DANICA PATRICK: Hey!

Good to see you.

How are you?

Oh man.

Good to see you.

Congrats on an amazing season so far.

Yeah.

Behind that steering wheel, there's quite

a foodie in you, isn't there?

Oh, I love food.

The race prep, what do you eat?

What do you go through from start to finish?

Breakfast. Super important.

So for breakfast I had butternut squash, bison, spinach,

diced apple, half an avocado.

I love you.

- And then usually-- - Bison for breakfast?

Yeah. Ground bison.

Yeah.

Yeah, instead of beef. It's better.

Bison tastes better. - Lean.

Lean, lean lean. - Yeah.

Now, you know I'm quite competitive.

I know.

So I'm going to look after the crew, but I want--

I need to get on that track.

Are you saying that you want to try it out?

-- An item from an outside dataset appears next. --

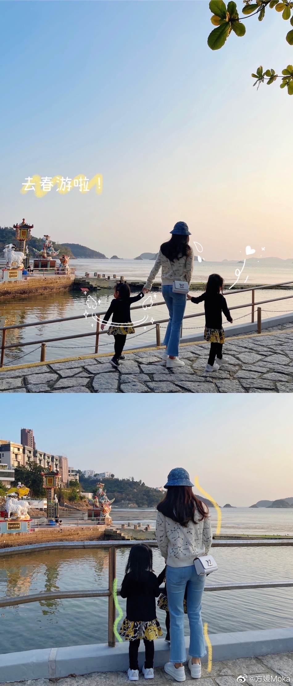 方媛带俩女儿出门春游 晒萌娃背影超可爱

I've been qualifying with a 23:16.

If you could come within 20 seconds of that

I would be impressed.

I would also ask that they had ambulances on both sides

of the track then.

Just because.

I'm not that bad.

I'm trying to set the expectations

low so you can exceed them.

- Good luck. - OK.

- Break a leg. - All right.

Good luck, Danica.

- Thank you. - Take care.

Thanks, darling.

GORDON RAMSAY (VOICEOVER): Before the hardcore NASCAR fans

file into the stadium, I'm going to see if I can live up

to Danica's challenge and make it around the track

in less than 30 seconds.

F word.

Stands for fast.

[engine roaring]

[music playing]

Whew.

That was incredible.

Please tell me it's good news.

About 29 seconds.

That's not bad.

No, that's not bad. Good.

But room for improvement.

Yeah.

Room for improvement.

GORDON RAMSAY (VOICEOVER): In Danica's work,

she is the head chef, but just like any restaurant,

I know she has the most amazing, hardworking crew behind her.

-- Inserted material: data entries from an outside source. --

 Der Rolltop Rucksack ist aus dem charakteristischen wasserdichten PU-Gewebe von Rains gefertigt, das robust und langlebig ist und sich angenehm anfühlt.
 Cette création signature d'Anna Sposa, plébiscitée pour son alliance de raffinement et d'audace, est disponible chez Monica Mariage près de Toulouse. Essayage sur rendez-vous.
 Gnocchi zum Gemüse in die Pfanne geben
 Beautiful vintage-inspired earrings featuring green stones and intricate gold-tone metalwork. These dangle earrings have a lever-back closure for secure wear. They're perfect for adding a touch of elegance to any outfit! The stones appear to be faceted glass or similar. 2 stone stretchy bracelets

I can't wait to meet these guys.

- Good morning. - Good morning, Gordon.

Good to see you.

How prolific is timing for you?

100%.

These guys got about 11 seconds to do four tires and anywhere

up to 18 gallons of fuel.

ENGINES ROARING AND TOOLS AT WORK

So, just like any restaurant, timing is of the essence.

GORDON RAMSAY (VOICEOVER): I'm fast in the kitchen.

Can I be fast in the pits?

We're going to let you glue up this set over here.

GORDON RAMSAY (VOICEOVER): Lug nuts on.

Bloody hell.

Monster tires moved.

You're going to hold that trigger wide open

and just go 1, 2, 3, 4, 5.

GORDON RAMSAY (VOICEOVER): Air gun primed.

[air gun whining and laughter]

Man, that's hard.

If I were to [bleep] compare that to cooking you'd be

working at McDonald's, bud.

[laughter]

GORDON RAMSAY (VOICEOVER): These guys work hard to keep

Danica at top speed.

Now it's my turn to fuel them up with a delicious meal.

I'm going to make an amazing breakfast.

Quick, easy, simple.

And you're going to help with a smoothie.

All right.

So we're taking some of the local crab

and turning that into an amazing omelette.

[music playing]

Onions, peppers, hash, nuts.

Get it 2/3 cooked and then we'll throw in the crab.

GORDON RAMSAY (VOICEOVER): Topped

with creme fraiche and chives.

[music slows to a stop]

Got to watch carefully, because you're doing this next.

Oh no. [laughs]

Just like you did to me with those nuts.

GORDON RAMSAY (VOICEOVER): Plate and serve

with a nutrient rich smoothie.

Aye, breakfast of champions.

So healthy, delicious, quite rich, but tasty.

Cheers.

If we don't win, you can't blame the breakfast.

Absolutely not.

Promise?

GORDON RAMSAY (VOICEOVER): Breakfast done.

Off to the starting line.

ANNOUNCER: And now, for the most famous words in motor sports,

please welcome Gordon Ramsay!

Drivers, start your engines.

[MUSIC PLAYING AND ENGINES

STARTING]

Right.

New friends, fast cars, delicious food, and

a perfect day at a NASCAR race.

Time for me to head back to the "F Word" restaurant.